Our experiments have several limitations. Our models only investigated clearance from the carina to the atmosphere. They were not intended to accurately measure clearance from the lung periphery. However, there is already good evidence that mixing occurs between the alveoli and the bronchi or lower trachea through cardiogenic oscillations 15, 16. Although there is likely to be a carbon dioxide gradient between the lung periphery and the carina, our experiments indicate that the combined influence of cardiogenic oscillations and THRIVE is able to transport carbon dioxide from carina to mouth.

A further limitation is that our models were not compliant but printed from hard plastic. The gross pressure variations caused by turbulence in the pharynx are therefore likely to cause less random bulk inflow and outflow into the glottis and trachea, and this may also give rise to less clearance than may be clinically observed. Our models were also not able to model cardiogenic pulsations of the trachealis muscle that are commonly seen during endoscopy 45. This will cause additional mixing within the trachea, further enhancing clearance rate.

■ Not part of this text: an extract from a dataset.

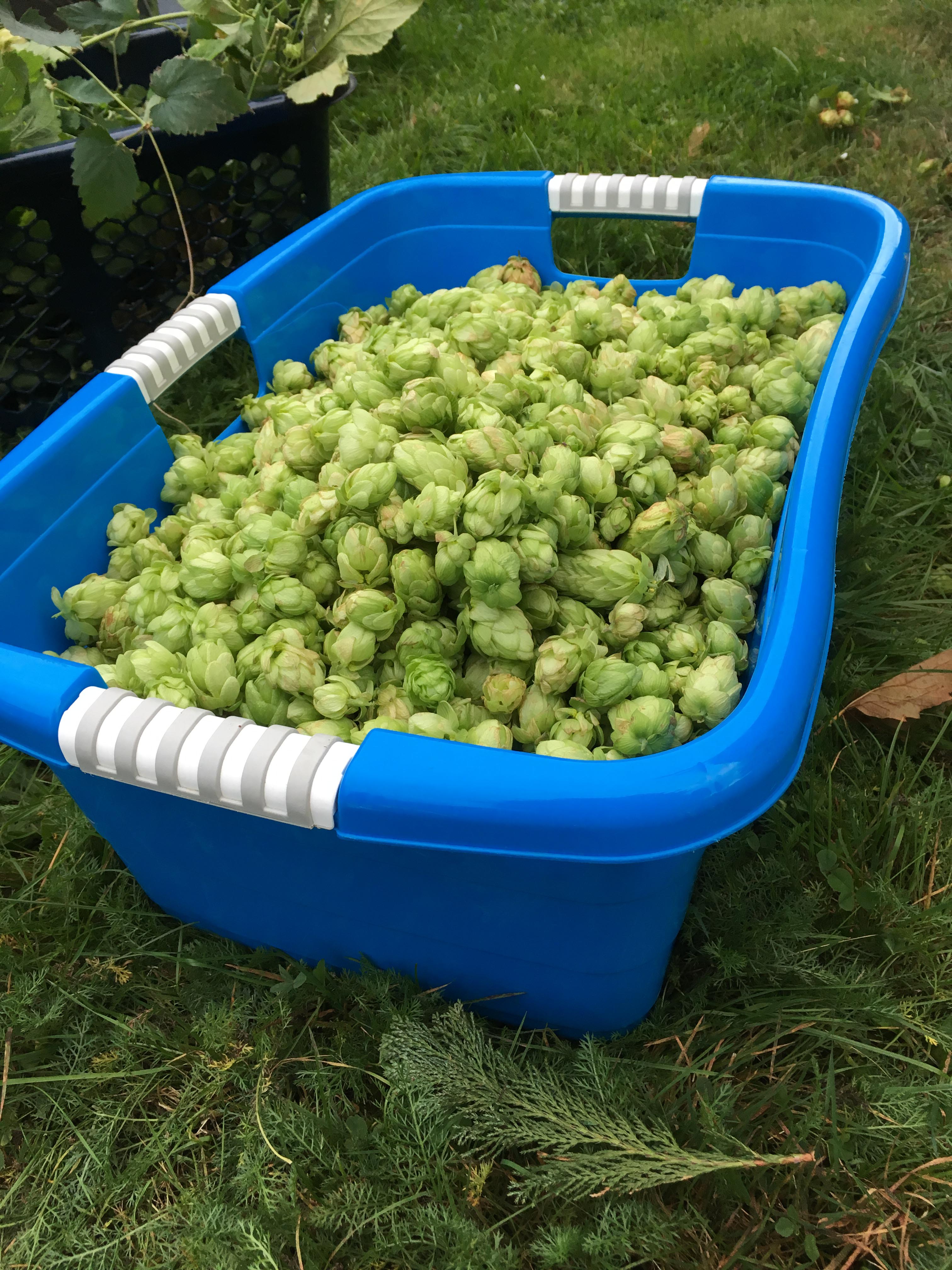 ich habe gestern meine beiden Pflanzen geerntet. Der Polaris im ersten Jahr ca. 200g getrocknet. Dann der Cascade, der mich und meine Geduld echt herausgefordert hat. Es nahm einfach kein Ende, Resultat 1 1/2 Wäschekörbe voll Dolden. Bedingt durch die Menge muss ich ich lufttrocknen lassen.
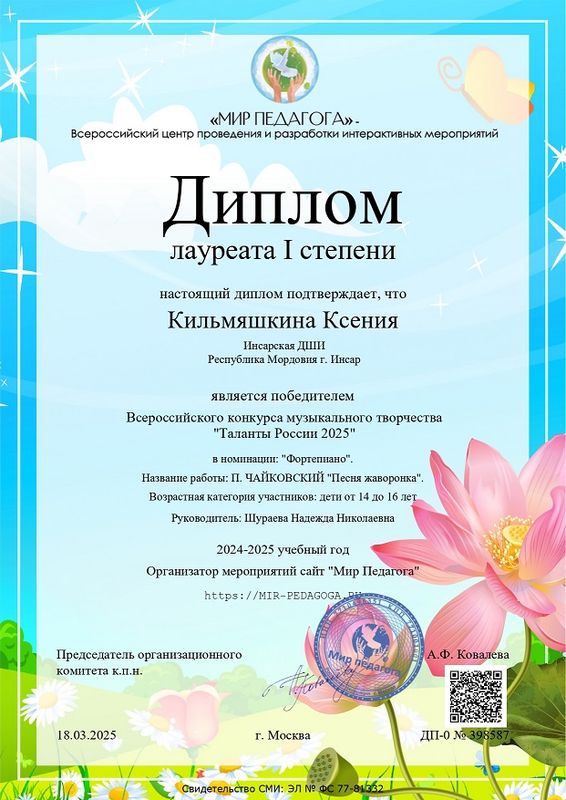 Поздравляем Кильмяшкину Ксению и Шураеву Надежду Николаевну с добавлением ещё одного пункта в их копилку достижений. Желаем Ксюше и её преподавателю, Надежде Николаевне, ещё много возможностей проявить себя, чтобы ещё не раз принимать участие в конкурсах различного уровня, показывать свой талант, способности и возможности. Главное – вера в силы, целеустремленность и трудолюбие.

The carbon dioxide clearance rates that we measured were substantially less than the rate of production for a resting adult of approximately 200 ml.min−1. Even though the clearance rate will increase with increasing carbon dioxide concentration in the lungs, this will still be lower than the rate of production, and consequently arterial carbon dioxide will accumulate during high‐flow nasal oxygenation. Workers such as Fraioli et al. 46 and Stock et al. 47 have demonstrated buffering of carbon dioxide in the blood in apnoea, and Gustafsson et al. 12 have shown this also occurs in THRIVE. Clinical evidence indicates that even the small additional clearance of carbon dioxide in THRIVE reduces the buffering load, increasing the time until carbon dioxide retention becomes problematic.

Our work shows that high‐flow nasal oxygenation, operating in conjunction with cardiogenic oscillations, enhances the clearance of carbon dioxide in apnoea, thus explaining apnoeic gas exchange. We have shown by flow visualisation, measurement of flow turbulence and carbon dioxide elimination in two‐dimensional liquid and three‐dimensional gas models, the influence of high‐flow nasal oxygenation and cardiogenic oscillations on flow vortices, tracheal extension, flow turbulence and carbon dioxide clearance. Carbon dioxide clearance during THRIVE is mediated by the interaction between supraglottic flow vortices and flow oscillations caused by cardiogenic oscillations.